Besides the Imperial Bank there are in Germany eight very large and powerful banking institutions and a considerable number of smaller and less powerful ones. The eight[Pg 124] great ones have each its head office in Berlin, and connections, through branches, agencies, and controlled institutions, in other parts of the Empire, the German colonies, and foreign countries. Together they control about eighty per cent of the entire banking capital of the Empire. In reality they are federations of banking institutions, many of which were once independent, and some of which were promoted and established in the interests of the group.
While these eight institutions are primarily engaged in commercial banking, they are also promoters on a large scale of German industry and commerce, both at home and abroad. Through interlocking directorates, stock ownership, and in other ways, they are closely allied with the leading industrial and transportation interests of the Empire, and they have been and are leaders in the promotion of these interests in other parts of the world, notably in the Orient, South America, and Africa. They are, therefore, leaders on the stock as well as the discount markets of the country, and are widely influential in investment as well as commercial banking affairs.
These, as well as the other commercial banks, consisting for the most part of local institutions and those catering to special interests, use[Pg 125] the Imperial Bank for rediscounts, for transfers of funds between different parts of the country, and as a depository for surplus funds. They do not normally keep on hand more cash than is needed for till purposes. Being in easy reach of an office of the Imperial Bank, supplies can be obtained at any time by checks drawn against credit balances or through rediscounts of commercial bills. Special accounts are carried for transfer purposes and are used even in the transfer of funds between different offices of the same institution.
On account of its right to issue notes against commercial securities, the Imperial Bank has the power to meet the demands made upon it and to supply the country with an elastic medium of exchange. The levy of a tax upon the excess of the issues above a prescribed maximum prevents perfect elasticity, unless this maximum be kept above the highest point which the circulation would normally reach, since the actual levy of the tax forces the rate of discount to such a point as to seriously restrict commercial operations. However, since the line between commercial and investment banking is not drawn by the great Berlin banks with the care that is desirable, and since they have been able at times, especially on account of[Pg 126] their foreign connections, to embarrass the Imperial Bank in its efforts to maintain adequate specie reserves, such a tax is probably a desirable safeguard against over-expansion of credit.

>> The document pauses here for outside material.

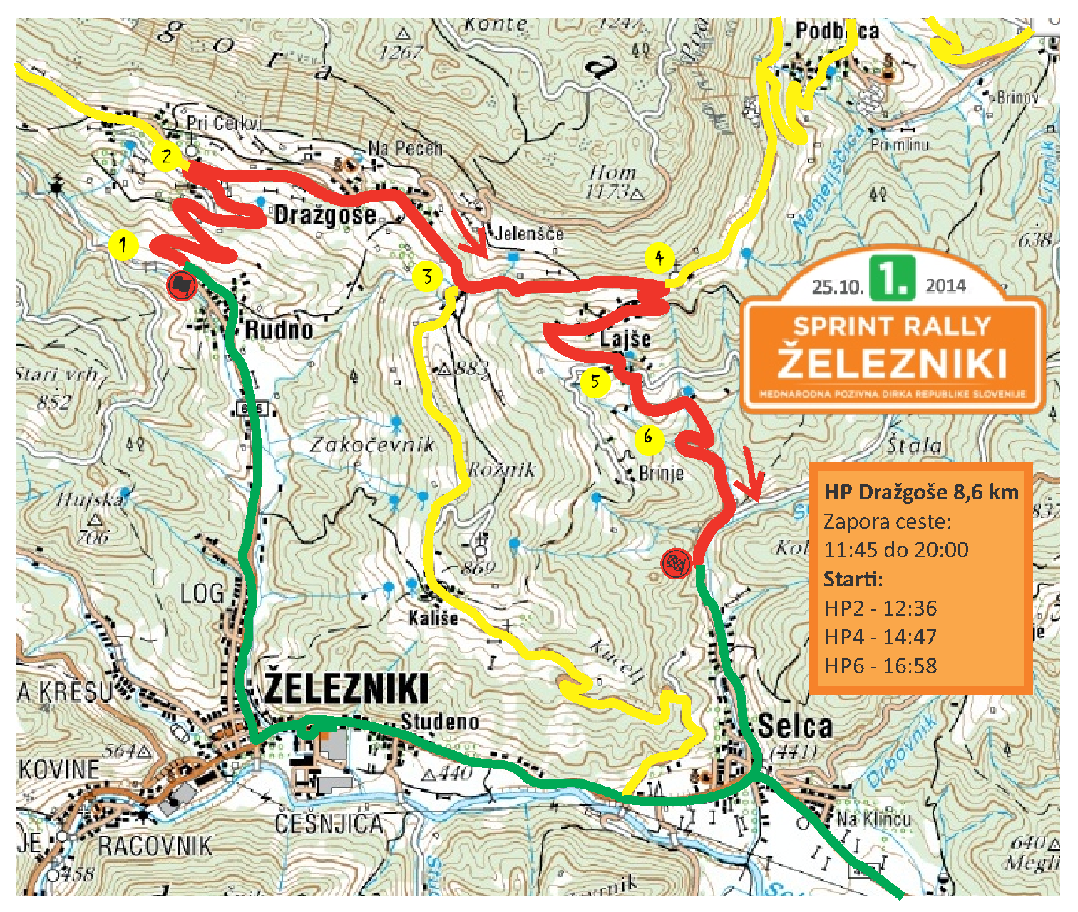Start hitrostna preizkušnje Dražgoše je na koncu vasi Rudno, v smeri Dražgoš. Trasa se vije po pobočju Dražgoške gore, prečka vas Dražgoše, nadaljuje pot proti Jamniku in Kropi in na križišču Lajše/Selca zavije proti vasi Lajše, ki jo prečka in nadaljuje do cilja, ki je v naselju Sevnica, delu vasi Selca. Dostop do trase je dober - po cesti Kranj/Besnica/Dražgoše do cerkve Sv. Jederti, iz Selc preko vasi Kališe do atraktivenga mesta (AM) 3 in seveda preko starta in cilja.

In important respects the Canadian banking system differs from those of the European countries which have been described and from that of the United States. It consists of a varying number of relatively large institutions, each with several offices administered from a common center, but without a central bank. For some time the total number has decreased, since 1900 from thirty-six to twenty-seven, in spite of the fact that the Canadian law, like that of the United States, provides for the formation of new banks at any time, on compliance with certain prescribed conditions, including a subscribed capital of at least $500,000 and a paid-up capital of at least $250,000. The number of branches, however, has increased rapidly, much more rapidly than the population.
The most noteworthy legal provisions pertaining to the banking business in Canada concern note issues and loans and discounts. Regarding the establishment of branches, the[Pg 127] amount, and, with one exception, the composition of the reserves, and many other matters carefully regulated by law in the United States, Canadian bankers are left free to follow their own judgment. Neither is there public examination of banks in Canada. Reports must be regularly made to the Minister of Finance, and he may call for special reports whenever he desires so to do; but neither he nor any other public officer has the right to examine a bank's books or to quiz its officers or directors. In contrast with banking legislation in the United States, another peculiar feature of Canadian law is the incorporation of the Canadian Bankers' Association, an organization resembling in essentials the American Bankers' Association, and the assignment to it of important functions connected with the issue of notes and the winding up of the affairs of failed banks.
Regarding note issues, the chief provisions of the Canadian law are as follows: Each bank is permitted at any time to issue circulating notes to the amount of its capital stock, and between October 1 and January 1 an additional amount, equal to fifteen per cent of its combined capital and surplus, may be issued on payment of a tax to be assessed by the Governor in Council, not to exceed five per cent per annum.[Pg 128] The notes are a first lien on all the assets of the bank that issued them, and must be redeemed on demand at the head office and at such other places as are designated by a committee of public officials known as the Treasury Board. As such redemption centers, this board has named Toronto, Montreal, Halifax, Winnipeg, Victoria, St. John, and Charlottetown. Each bank must also deposit with the Minister of Finance a sum of money equal to five per cent of its average circulation. The aggregate of the amounts thus deposited by all the banks is known as the "circulation redemption fund," and may be used in the redemption of the notes of a failed bank. In case the fund is so used, and the liquidated assets of the bank prove to be inadequate for its complete replenishment, a tax sufficient to meet the deficit is levied on the solvent banks in proportion to their circulation.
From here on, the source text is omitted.